Thanks for your test edge cases! I'll push these changes to this repo soon.
- Log in to comment
Excluding the possibility of a bug, the output of depth coverages is corrected from the raw count by a number of factors to give a more realistic metric considering the nature of reads, errors, and strain variations present in the data and samples.
1) The edges of a contig are generally excluded from the coverage counts up to a default of 75 bases or the average read length (--includeEdgeBases, --maxEdgeBases). This is because, generally mappers have a difficult time aligning a partial read to a contig when it would extend off edge and the coverage ramps up from 0 to the true coverage in this region 2) reads that map imperfectly are excluded when the %ID of the mapping drops below a threshold (--percentIdentity=97).

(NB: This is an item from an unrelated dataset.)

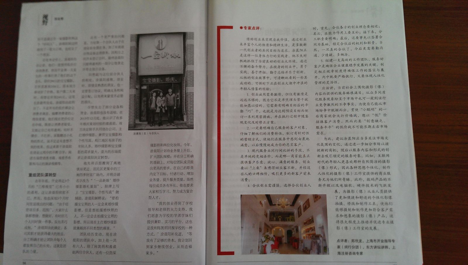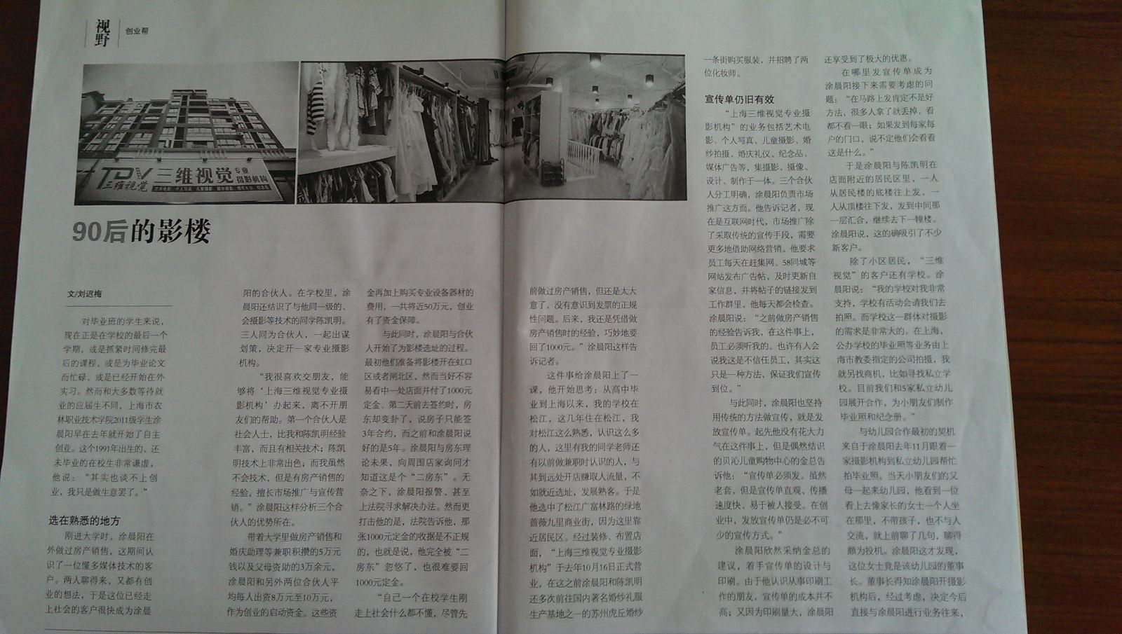 这件事给涂晨阳上了一课,他开始思考:从高中毕业到上海以来,我的学校在松江,这几年住在松江,我对松江这么熟悉,认识这么多的人,这里有我的同学老师还有以前做兼职时认识的人,与其到远处开店赚取人流量,不如就近选址,发展熟客。于是他选中了松江广富林路的绿地蔷薇九里商业街,因为这里靠近居民区。经过装修、布置店面,“上海三维视觉专业摄影机构”于去年10月16日正式营业,在这之前涂晨阳和陈凯明还多次前往国内著名婚纱礼服生产基地之一的苏州虎丘婚纱一条街购买服装,并招聘了两位化妆师。

MetaBAT is designed to resolve strain variation and mapping reads with low %ID indicate that the read actually came from a different strain/species. 3) clips/insertions/deletions/mismatches are excluded from the coverage count -- only the read bases that exactly match the reference are counted as coverage. This generally has a small effect, except in the case of long reads from PacBio and Nanopore.